Musician Ray LaMontagne’s $4.5 Million Western Mass. Estate Sets Sale Record
The Grammy-winning musician's 10,747-square-foot compound is the most expensive single-family home ever sold in Pioneer Valley.
Consisting of Hampden, Hampshire and Franklin Counties, historic Pioneer Valley is known first and foremost for its beautiful landscape. The Western Massachusetts’ area is also a hub for arts and culture, and the creators who bring them to life. Case in point is 369 Bullitt Rd. in Ashfield, the former dwelling of Grammy-winning musician Ray LaMontagne and his wife, poet Sarah Sousa. This bucolic country estate recently sold for a record $4.5 million—the highest price ever reached on a property sale in the region—after spending just 106 days on the market.
Listed in mid-August for $5.25 million, under contract by mid-October, and closed on December 1, 369 Bullitt Road was sold by Gladys Montgomery and Herb Butzke of William Pitt – Julie B. Fee Sotheby’s International Realty. “It was fairly quick for a property at this price in western Massachusetts,” Montgomery notes. The buyer—a businessperson based nearby who intends to use the property as a venue and retire there—was the first to visit it and negotiate an offer that was acceptable to the sellers, even although there were other potential buyers from outside the area, she adds.

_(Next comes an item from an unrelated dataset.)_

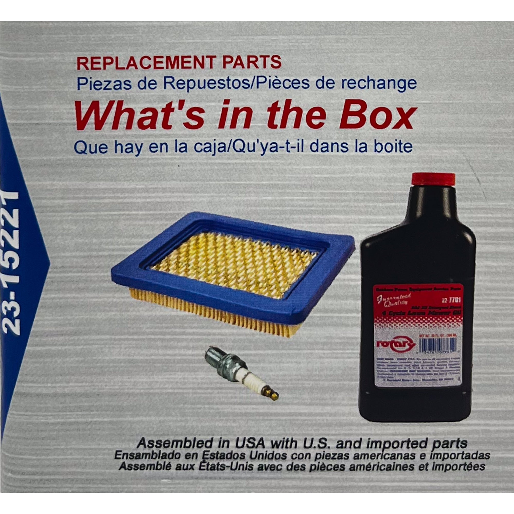 Engine Maintenance Kit for Briggs & Stratton fits Quantum. Replaces 5106 (A,B). Contains 1 each Rotary item 2838 (Air Filter), 6877 (Spark Plug), and 1 ea. 18 oz. bottle of SAE 30 (4 cycle oil).

The 10,747-square-foot-space compound is set on 104 acres. Originally constructed in 1811, the dwelling was formerly home to U.S. Ambassador William C. Bullitt, who served under President Franklin D. Roosevelt. Some of its impressive features include: six bedrooms, four-and-a-half baths, a library, a great room, a country kitchen, a 1920s-era, three-bay garage; several outbuildings including a stone cottage and three-level barn; and outdoor spaces complete with serene gardens and fruit trees. (Fun fact: Since 2010, LaMontagne had used the great room as a recording studio, beginning with his Grammy Award–winning album, God Willing and the Creek Don’t Rise.) In addition to the creativity that blossomed at the estate, the couple also put significant work into revitalizing it.
“When Ray LaMontagne and Sarah Sousa bought 369 Bullitt Road in 2008, it was uninhabitable, yet they fell in love with the house and property,” Montgomery says. “They’re both artists with a keen aesthetic sensibility and a meticulous devotion to craftsmanship, and so they brought those qualities to the restoration and revamping. It was also a labor of love. The end result shows that, and it came across loud and clear.”